Here's the error message I get, However I've checked the data and there is no indexing error in there.
java.lang.ArrayIndexOutOfBoundsException: 11
I've also tried applying the functions() method countDistinct
Column countNum = countDistinct(dataFrame.col("dataOne"));
Dataset<Row> result = dataOneDataFrame.withColumn("count",countNum);
result.show();
where dataOneDataFrame is a dataFrame created from running
select dataOne from dataFrame
But it returns an analysis exception, I'm still new to spark so I'm not sure if there's an error with how/when I'm evaluating the countDistinct method
edit: To clarify, the first table shown is the result of the dataFrame I've created from reading the text file and applying a custom schema to it (they are still all strings)
Dataset<Row> dataFrame
Here is my full code
public static void main(String[] args) {
SparkSession spark = SparkSession
.builder()
.appName("Log File Reader")
.getOrCreate();
//args[0] is the textfile location
JavaRDD<String> logsRDD = spark.sparkContext()
.textFile(args[0],1)
.toJavaRDD();
String schemaString = "dataOne OtherData dataTwo dataThree";
List<StructField> fields = new ArrayList<>();
String[] fieldName = schemaString.split(" ");
for (String field : fieldName){
fields.add(DataTypes.createStructField(field, DataTypes.StringType, true));
}
StructType schema = DataTypes.createStructType(fields);
JavaRDD<Row> rowRDD = logsRDD.map((Function<String, Row>) record -> {
String[] attributes = record.split(" ");
return RowFactory.create(attributes[0],attributes[1],attributes[2],attributes[3]);
});
Dataset<Row> dF = spark.createDataFrame(rowRDD, schema);
//first attempt
dF.groupBy(col("dataOne")).count().show();
//Trying with a sql statement
dF.createOrReplaceTempView("view");
dF.sparkSession().sql("select command, count(*) from view group by command").show();
The most likely thing that comes to mind is the lambda function that returns the row using RowFactory?
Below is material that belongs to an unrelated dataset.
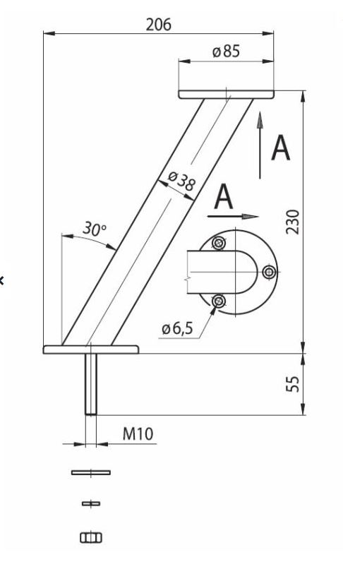 Elegantní rovnoběžná podpěra barového pultu o celkové výšce 230 mm, nosnost 10 kg.

The idea seems sound but I'm not sure how it really holds up or if there's another way I could do it. Other than that I'm quite puzzled
sample data
best tree 5 533
OK bush e 3535
MEH cow - 3353
MEH oak none 12

Using Scala syntax for convenience. It's very similar to the Java syntax:
// Input data
val df = {
import org.apache.spark.sql._
import org.apache.spark.sql.types._
import scala.collection.JavaConverters._
val simpleSchema = StructType(
StructField("dataOne", StringType) ::
StructField("OtherData", StringType) ::
StructField("dataTwo", StringType) ::
StructField("dataThree", IntegerType) :: Nil)
val data = List(
Row("Best", "tree", "5", 533),
Row("OK", "bush", "e", 3535),
Row("MEH", "cow", "-", 3353),
Row("MEH", "oak", "none", 12)
)
spark.createDataFrame(data.asJava, simpleSchema)
}
df.show
+-------+---------+-------+---------+
|dataOne|OtherData|dataTwo|dataThree|
+-------+---------+-------+---------+
| Best| tree| 5| 533|
| OK| bush| e| 3535|
| MEH| cow| -| 3353|
| MEH| oak| none| 12|
+-------+---------+-------+---------+
df.groupBy(col("dataOne")).count().show()
+-------+-----+
|dataOne|count|
+-------+-----+
| MEH| 2|
| Best| 1|
| OK| 1|
+-------+-----+
I can submit the Java code given above as follows with the four row data file on S3 and it works fine:
$SPARK_HOME/bin/spark-submit \
--class sparktest.FromStackOverflow \
--packages "org.apache.hadoop:hadoop-aws:2.7.3" \
target/scala-2.11/sparktest_2.11-1.0.0-SNAPSHOT.jar "s3a://my-bucket-name/sample.txt"

Related

Iterating rows of a Spark Dataset and applying operations in Java API

New to Spark (2.4.x) and using the Java API (not Scala!!!)
I have a Dataset that I've read in from a CSV file. It has a schema (named columns) like so:
id (integer) | name (string) | color (string) | price (double) | enabled (boolean)
An example row:
23 | "hotmeatballsoup" | "blue" | 3.95 | true
There are many (tens of thousands) rows in the dataset. I would like to write an expression using the proper Java/Spark API, that scrolls through each row and applies the following two operations on each row:
If the price is null, default it to 0.00; and then
If the color column value is "red", add 2.55 to the price
Since I'm so new to Spark I'm not sure even where to begin! My best attempt thus far is definitely wrong, but its a least a starting point I guess:
Dataset csvData = sparkSession.read()
.format("csv")
.load(fileToLoad.getAbsolutePath());
// ??? get rows somehow
Seq<Seq<String>> csvRows = csvData.getRows(???, ???);
// now how to loop through rows???
for (Seq<String> row : csvRows) {
// how apply two operations specified above???
if (row["price"] == null) {
row["price"] = 0.00;
}
if (row["color"].equals("red")) {
row["price"] = row["price"] + 2.55;
}
}
Can someone help nudge me in the right direction here?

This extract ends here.